• _PROBLEM DESCRIPTION_:
Only the lines holding "مینه" are wanted here; copy each from the listing.

+++

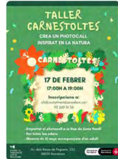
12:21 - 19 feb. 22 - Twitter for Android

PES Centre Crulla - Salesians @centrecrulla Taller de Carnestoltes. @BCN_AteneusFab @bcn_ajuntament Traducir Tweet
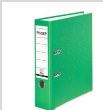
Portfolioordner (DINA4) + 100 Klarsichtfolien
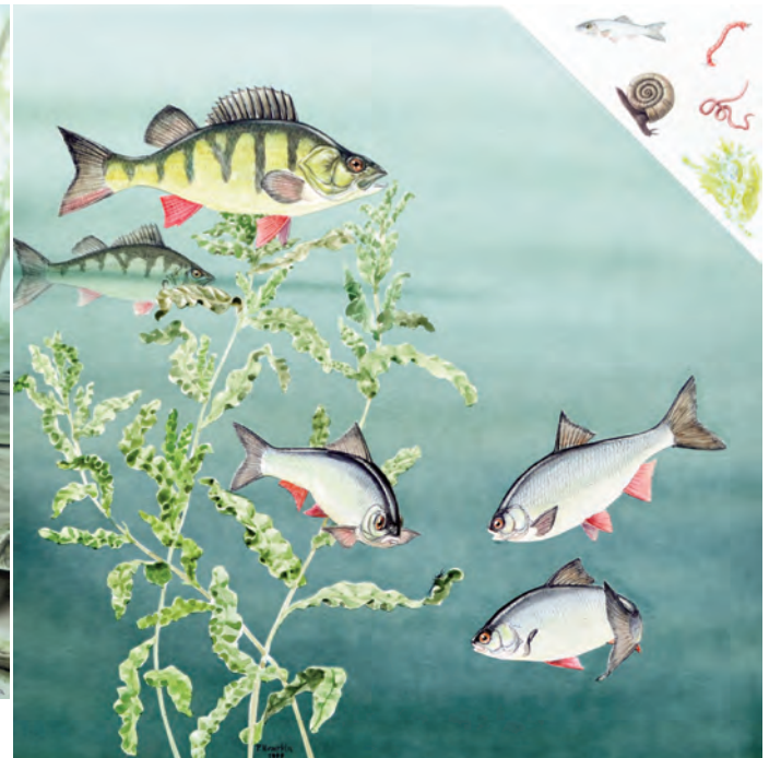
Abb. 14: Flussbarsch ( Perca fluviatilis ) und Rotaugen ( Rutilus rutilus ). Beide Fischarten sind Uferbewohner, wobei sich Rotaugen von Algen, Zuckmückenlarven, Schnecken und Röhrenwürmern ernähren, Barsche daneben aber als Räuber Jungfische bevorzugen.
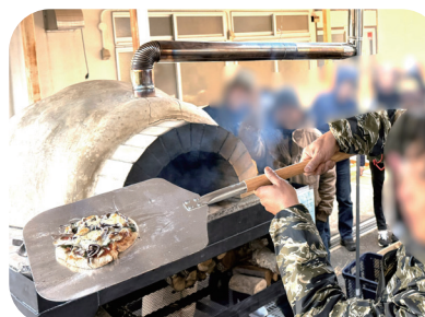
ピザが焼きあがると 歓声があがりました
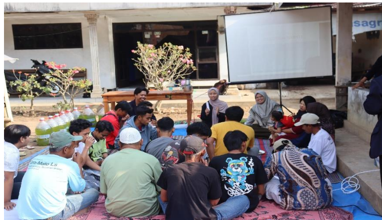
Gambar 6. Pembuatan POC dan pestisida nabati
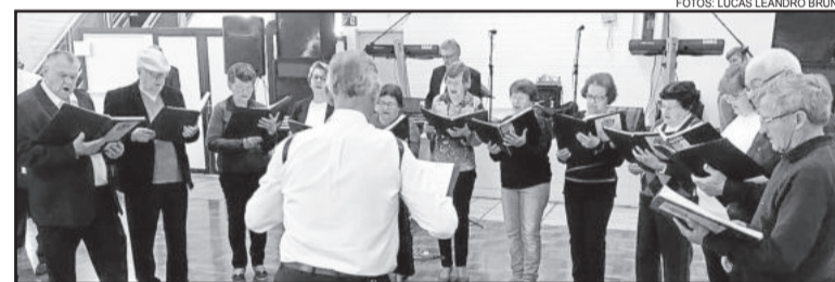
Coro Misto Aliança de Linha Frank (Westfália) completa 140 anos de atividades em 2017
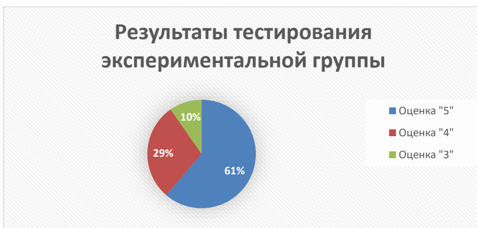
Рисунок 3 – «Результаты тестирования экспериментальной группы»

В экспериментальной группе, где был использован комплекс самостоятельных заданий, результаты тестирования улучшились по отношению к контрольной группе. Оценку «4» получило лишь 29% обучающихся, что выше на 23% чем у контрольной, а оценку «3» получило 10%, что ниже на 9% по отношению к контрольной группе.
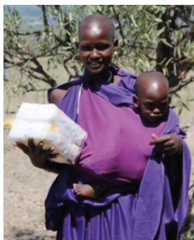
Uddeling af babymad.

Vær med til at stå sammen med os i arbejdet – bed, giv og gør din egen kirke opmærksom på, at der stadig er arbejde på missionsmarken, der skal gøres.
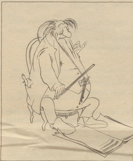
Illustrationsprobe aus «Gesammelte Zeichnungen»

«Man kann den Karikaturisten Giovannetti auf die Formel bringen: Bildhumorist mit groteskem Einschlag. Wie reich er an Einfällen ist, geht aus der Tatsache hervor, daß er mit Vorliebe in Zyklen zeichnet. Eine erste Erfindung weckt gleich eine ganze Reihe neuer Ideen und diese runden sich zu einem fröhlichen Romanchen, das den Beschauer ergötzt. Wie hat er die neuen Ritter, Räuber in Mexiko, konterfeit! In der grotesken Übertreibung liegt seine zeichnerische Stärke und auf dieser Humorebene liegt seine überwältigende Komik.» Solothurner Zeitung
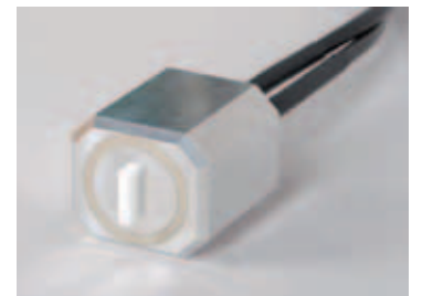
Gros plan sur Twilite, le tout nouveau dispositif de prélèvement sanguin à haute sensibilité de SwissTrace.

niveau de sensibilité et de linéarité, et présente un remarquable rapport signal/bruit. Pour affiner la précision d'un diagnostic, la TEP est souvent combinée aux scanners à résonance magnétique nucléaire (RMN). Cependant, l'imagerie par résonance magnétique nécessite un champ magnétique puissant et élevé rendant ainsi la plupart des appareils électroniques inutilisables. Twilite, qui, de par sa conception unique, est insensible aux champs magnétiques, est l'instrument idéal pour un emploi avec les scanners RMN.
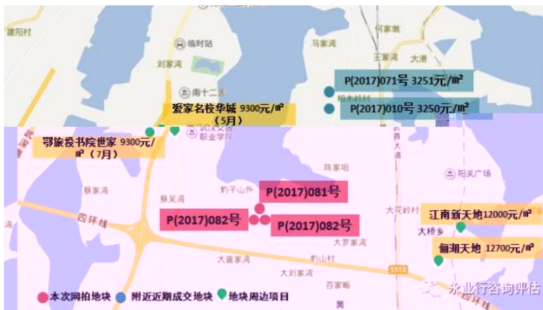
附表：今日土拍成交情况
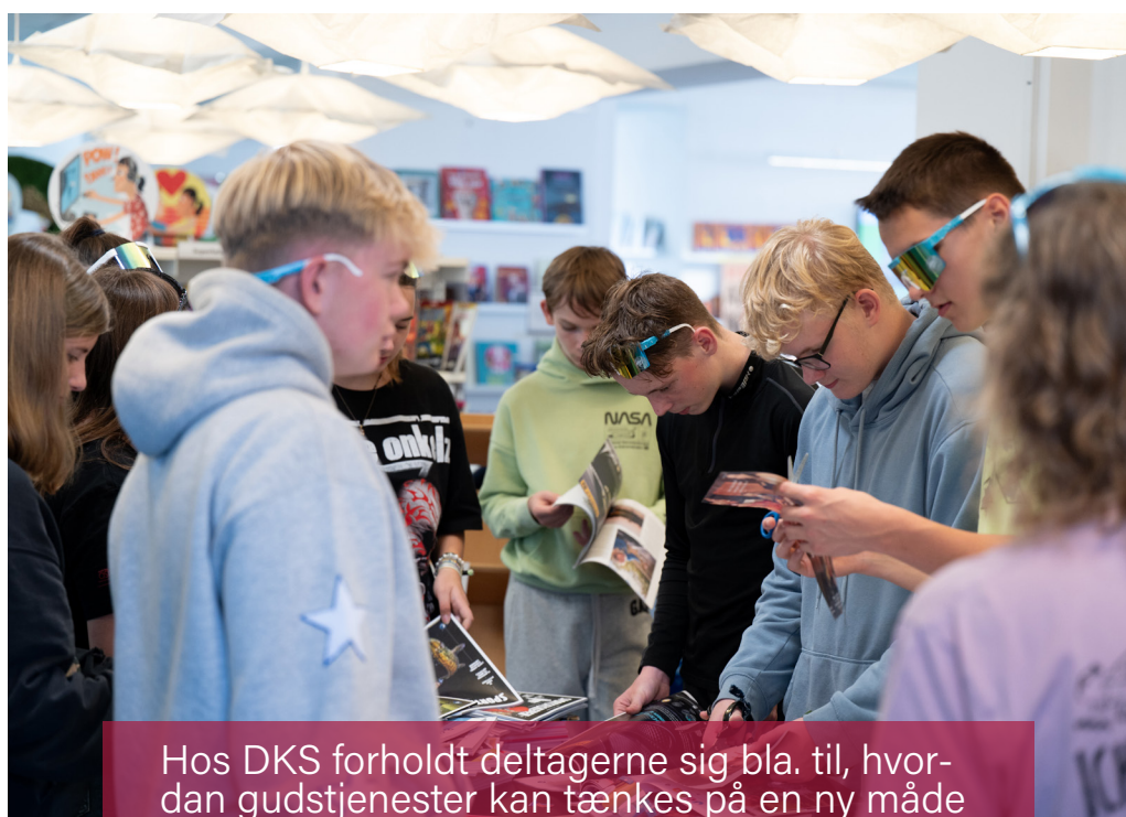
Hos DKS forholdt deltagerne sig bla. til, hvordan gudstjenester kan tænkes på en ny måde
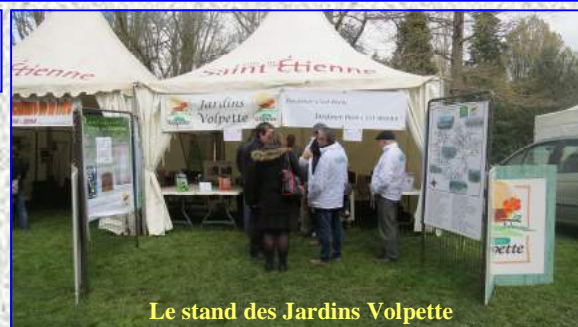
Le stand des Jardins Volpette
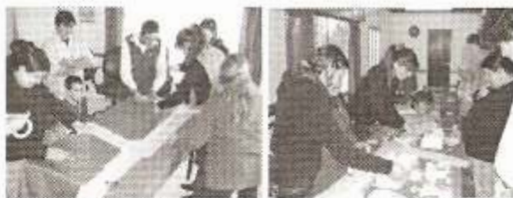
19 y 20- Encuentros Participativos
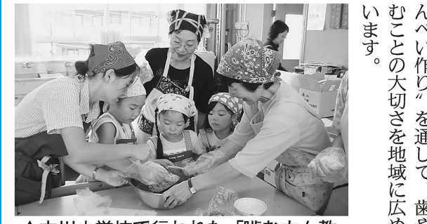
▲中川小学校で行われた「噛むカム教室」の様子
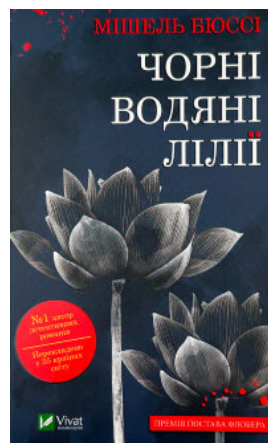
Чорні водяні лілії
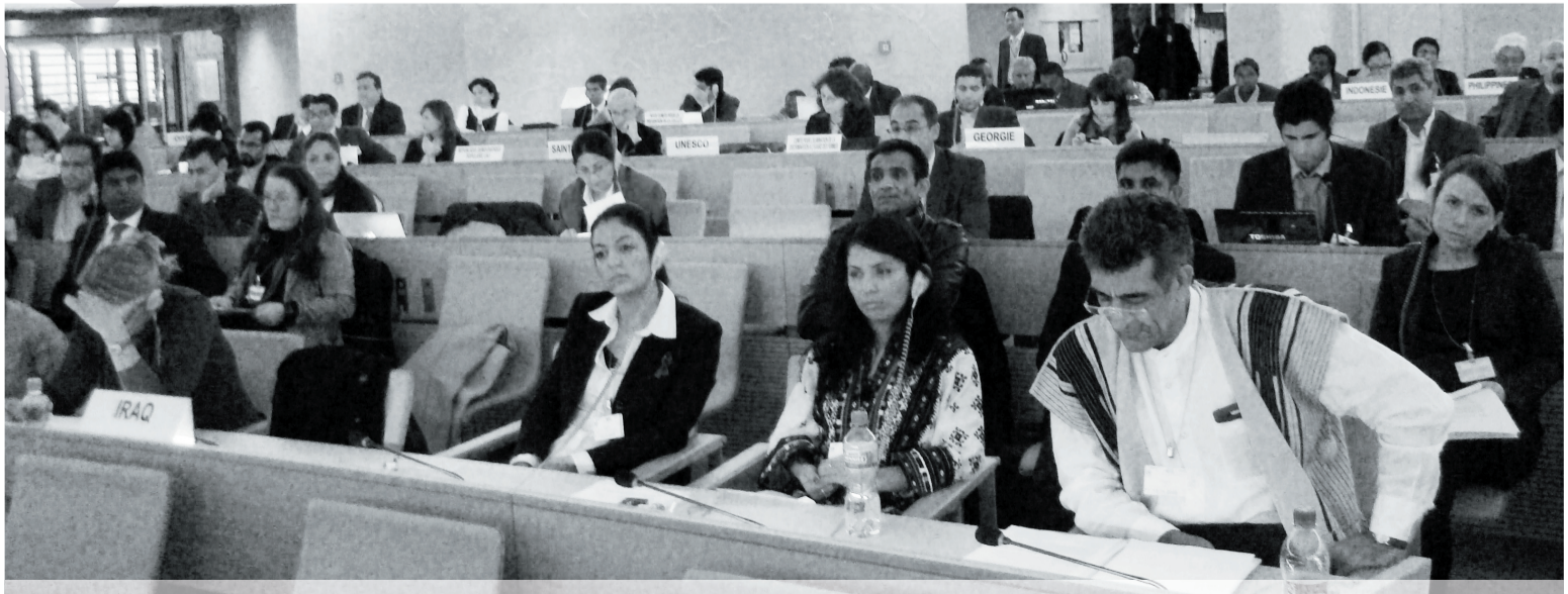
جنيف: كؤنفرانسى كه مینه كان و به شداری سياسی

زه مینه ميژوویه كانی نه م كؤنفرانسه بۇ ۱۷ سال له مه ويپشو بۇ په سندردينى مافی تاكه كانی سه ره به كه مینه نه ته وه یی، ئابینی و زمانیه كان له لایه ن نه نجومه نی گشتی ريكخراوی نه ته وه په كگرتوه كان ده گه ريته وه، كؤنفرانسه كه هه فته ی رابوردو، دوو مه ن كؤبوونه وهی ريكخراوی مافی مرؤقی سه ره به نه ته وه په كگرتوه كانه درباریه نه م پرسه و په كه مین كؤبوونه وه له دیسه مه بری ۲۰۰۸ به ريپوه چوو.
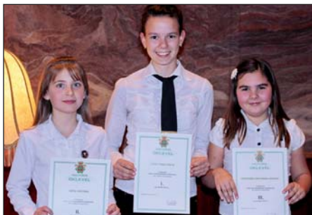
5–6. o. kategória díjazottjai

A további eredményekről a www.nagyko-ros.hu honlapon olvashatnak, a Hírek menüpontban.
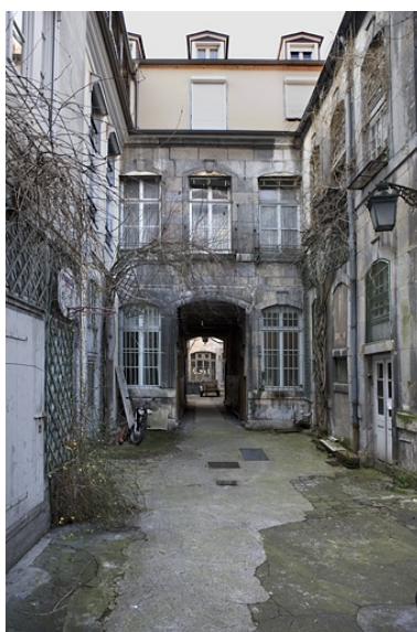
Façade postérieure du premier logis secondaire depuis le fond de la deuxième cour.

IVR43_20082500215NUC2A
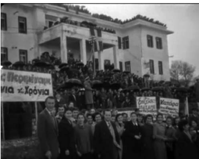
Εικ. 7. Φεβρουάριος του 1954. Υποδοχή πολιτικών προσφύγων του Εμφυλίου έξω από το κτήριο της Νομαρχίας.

+++

• _PROBLEM SOLUTION_:
جنيف: كؤنفرانسى كه مینه كان و به شداری سياسی
زه مینه ميژوویه كانی نه م كؤنفرانسه بۇ ۱۷ سال له مه ويپشو بۇ په سندردينى مافی تاكه كانی سه ره به كه مینه نه ته وه یی، ئابینی و زمانیه كان له لایه ن نه نجومه نی گشتی ريكخراوی نه ته وه په كگرتوه كان ده گه ريته وه، كؤنفرانسه كه هه فته ی رابوردو، دوو مه ن كؤبوونه وهی ريكخراوی مافی مرؤقی سه ره به نه ته وه په كگرتوه كانه درباریه نه م پرسه و په كه مین كؤبوونه وه له دیسه مه بری ۲۰۰۸ به ريپوه چوو.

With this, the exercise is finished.